The highest rates for condition-specific unadjusted 30-day readmissions were for admissions for anemia or neutropenia (22.5 percent), ventricular shunt procedures (18.1 percent), and sickle cell anemia crisis (16.9 percent). For each condition-specific admission, 27.3 percent to 86.2 percent of readmissions were for a diagnosis involving the same organ system or a related etiology as the index admission. According to the authors, “For 9 of 10 index admission diagnoses, the most common readmission diagnosis was the same as the index diagnosis. Sickle cell had the highest percentage of readmissions (79.4 percent) that were for the same diagnosis as the index admission.”

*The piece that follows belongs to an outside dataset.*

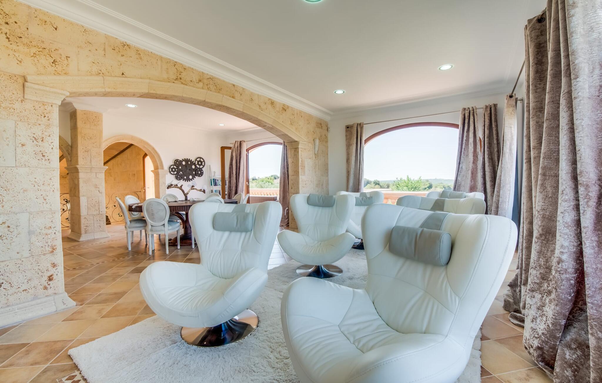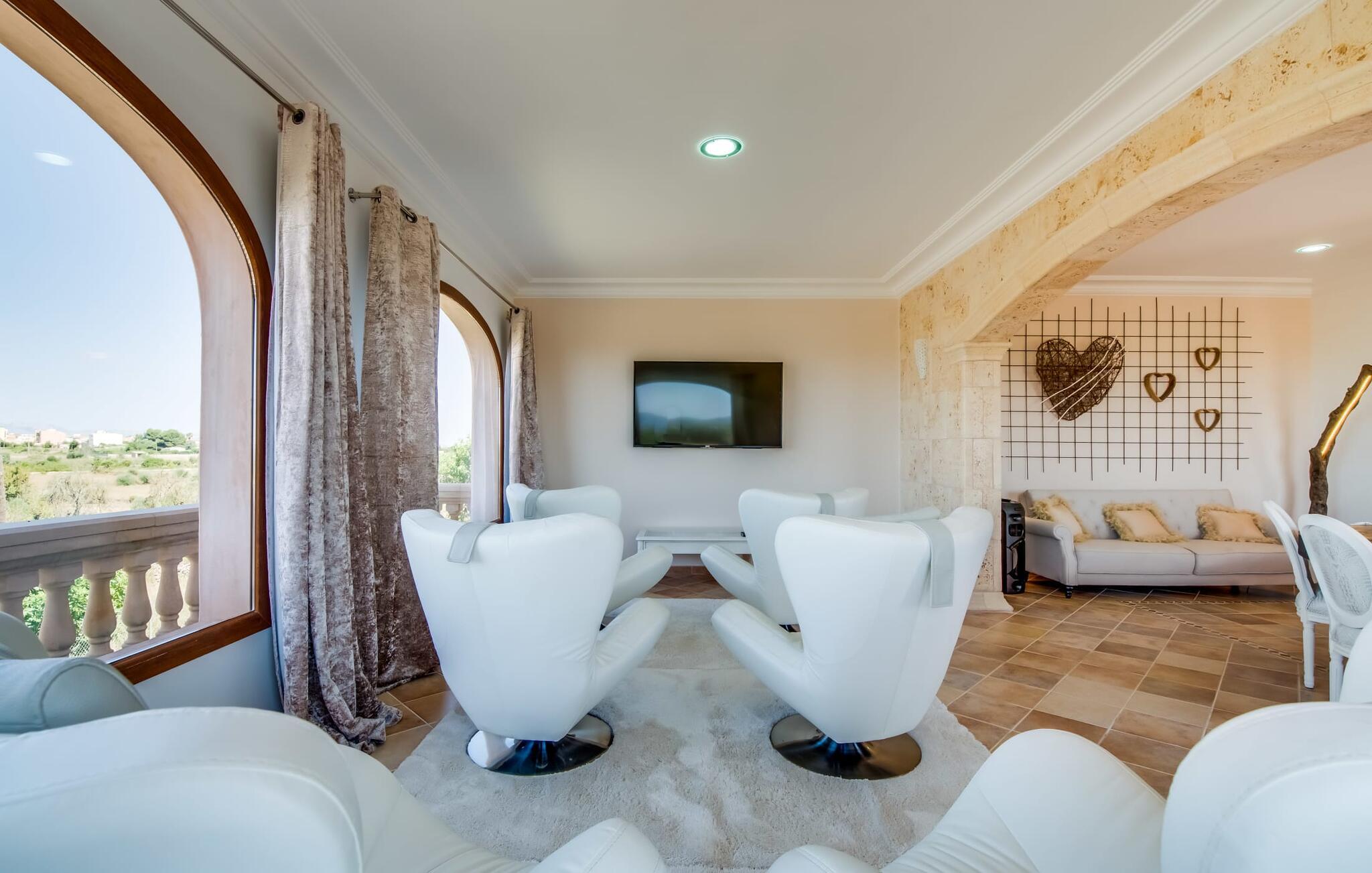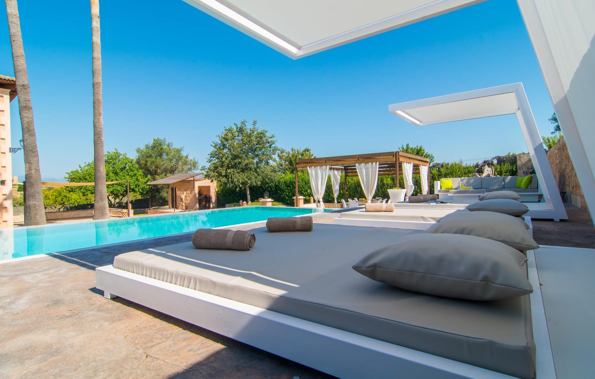 Dine venner og familie vil sikkert være grønne af misundelse, når I vender hjem efter en ferie i den skønne villa Can Lau – og det med rette! Juvelen er bestemt et syn værd at se; Haven omgivet af duftende appelsintræer og det omkringliggende landskab alene er bestemt en tur værd. Komfortable og moderne indrettede afslapningsområder er spredt ud over hele udendørsområdet - altid med den bedste udsigt til den skønne pool, som imponerer med en forbløffende længde på 15 m og en bredde på 5 m. En udendørs bruser og et udendørs toilet fuldender det hele. og spabadet, der er opvarmet fra midten af september til april, er en fantastisk udendørs ekstra. Plænen er simpelthen "ved siden af" - børn kan prøve alt på den: bordtennis, fodboldbaner, plads til at løbe rundt - det hele er der! Tag et forklæde på og kom til grillen - det er mottoet for rigtige grillfester lige på den overdækkede terrasse (du kan endda vælge den grill, I ønsker, ejendommen har to af dem!) - det ugentlige marked i Santa Margalida skal have alt I har brug for, når det kommer til ingredienser. Og hvis den smukke udsigt over landskabet og bjergene nedefra ikke er nok, kan I blot klatre op på den skønne solterrasse på første sal. Også her giver møbler af høj kvalitet plads nok til at slentre, slappe af og nyde en velfortjent pause. Som BBQ-fan vil I få noget for pengene med de to tilgængelige BBQ-stationer (gas og kul). Tre HiFi-systemer med USB-porte - et ved poolen og et på terrassen ved siden af køkkenet - giver den rette baggrundsmusik til jeres personlige lykkeøjeblikke udendørs. Ikke desto mindre er "Can Lau" en finca for afslapning - fester eller lignende arrangementer er udtrykkeligt ikke tilladt her. Fantastisk ekstra: Ejeren giver sine gæster en digital, QR-kodelæsbar manual med masser af tips om luksusrestauranter og smukke aktiviteter på øen. Og der er mere - I troede, "Kan Lau" havde en smuk have? Bare vent og se, hvad der åbenbarer sig for jer, så snart I træder ind i villaen: ren luksus venter jer i to etager og et boligareal på 500 m². Alle værelser er udstyret med aircondition og radiatorer, så I kan opnå den mest behagelige temperatur for jer på ethvert tidspunkt af året. Den indbydende salon tager jer direkte ind i den strålende opholdsstue - et moderne sofasæt og et fuldt udstyret underholdningssystem med dvd- og cd-afspiller, internet- og Netflix-adgang samt en dockingstation til jeres iPod gør det til et behageligt sted at blive hængende. I samme rum er der et kæmpe spisebord med plads nok til alle gæster - det kunne være kommet direkte fra et indretningsmagasin. Store buede vinduer garanterer lysstyrke og velvære. Det stilfulde køkken er helt jeres med komfur og indbyggede hvidevarer, der sikkert ville forbløffe selv stjernekokke - lad jeres kreativitet løbe løbsk og prøv en original mallorcansk opskrift! De fire dobbeltværelser i hvid stil og de tre førsteklasses badeværelser med brusekabine (to af dem en-suite) er fordelt på alle etager. Har I nogensinde haft fornøjelsen af at eje et fitnesscenter? INGEN? Så vil I helt sikkert kunne lide dette højdepunkt. Det giver jer plads nok og det rigtige sportsudstyr til jeres fysiske kondition. Bagefter kan I nyde en kølig forfriskende drink på terrassen eller bruge underholdningscentret ovenpå med de komfortable fløjstole, lige som I har lyst. Takket være husets alarmsystem - praktisk at betjene med en nøgle, som I modtager ved ankomsten - kan I altid føle jer meget tryg. Der er ingen tvivl om, at I allerede svæver på ferieskyer med denne villa, men hvis I nogensinde har lyst til en forandring, så tag til den nærmeste by: I kan nå Santa Margalida på ingen tid via Ma -3340, som er inden for hørevidde . Talrige gadecaféer, fantastiske restauranter og barer samt en eller to butikker vil med garanti forsøde jeres besøg. Sightseeing-hotspots som begravelsespladsen Son Real eller de gamle udsigtstårne langs kysten lover fascinerende indsigt i historien om øens centrum. Entusiastiske amatørornitologer vil helt sikkert nyde noget interessant fuglekiggeri i det nærliggende S'Albufera de Mallorca naturreservat. Can Picafort og Son Serra de Marina tilbyder også maleriske strande, kun omkring 10 km væk. Denne vidunderlige ejendom er beliggende på den nordlige del af øen, kun få minutters kørsel fra Can Picafort og Alcúdia med sine smukke bugter. I kan nemt nå nærliggende Santa Margalida og byens hotspots som barer, restauranter, caféer og turistattraktioner til fods - I vil helt sikkert nyde gåturen gennem det maleriske landskab! Bemærk venligst, at denne ejendom ikke accepterer ungdomsgrupper eller polterabender. En ungdomsgruppe på denne ejendom består af personer under 30 år. Book ikke denne ejendom, hvis I er en ungdomsgruppe eller en polterabendgruppe, da jeres reservation vil blive afvist, når den er booket, hvilket også kan være tilfældet ved ankomst til ejendommen eller under jeres ophold, og I vil ikke modtage en refusion.

“… we found substantial readmission rate variation across children’s hospitals that remained after controlling for patient age and chronic conditions. If hospitals with the highest readmission rates in this study were able to achieve the rates of the best performing hospitals, then the overall count of readmissions would be much smaller. It is possible that the distribution of pediatric readmission rates in this study could help hospitals interpret their own performance, identify target conditions for quality improvement, and determine whether an examination of the causes of their readmissions would be useful,” the authors write.
(JAMA. 2013;309(4):372-380; Available pre-embargo to the media at http://media.jamanetwork.com)
Editor’s Note: Funding was provided by the Agency for Healthcare Research and Quality. Dr. Berry was supported by the Eunice Kennedy Shriver National Institute of Child Health and Human Development. All authors have completed and submitted the ICMJE Form for Disclosure of Potential Conflicts of Interest and none were reported.
Editorial: Pediatric Readmissions as a Hospital Quality Measure
Rajendu Srivastava, M.D., F.R.C.P.C., M.P.H., of the University of Utah Health Sciences Center, Salt Lake City, and Ron Keren, M.D., M.P.H., of the University of Pennsylvania School of Medicine, Philadelphia, comment on the findings of this study in an accompanying editorial.
“More research is needed to understand to what extent pediatric readmissions are due to poor adherence to evidence-based best practices as opposed to patient and family resources and capabilities or some combination. Given that the overall rate of pediatric readmissions is 6.5 percent, clinicians, researchers, and policy makers will need to focus their efforts on conditions and patient characteristics associated with the highest baseline rate of readmissions and the greatest variation in rates across hospitals. A reasonable place to start would be with children with medical complexity who experience frequent hospitalizations and readmissions. Research needs to better determine how many readmissions are due to poor hospital quality of care vs. other reasons for readmissions and how many are preventable.”
(JAMA. 2013;309(4):396-398; Available pre-embargo to the media at http://media.jamanetwork.com)
Editor’s Note: Please see the article for additional information, including financial disclosures, funding and support, etc.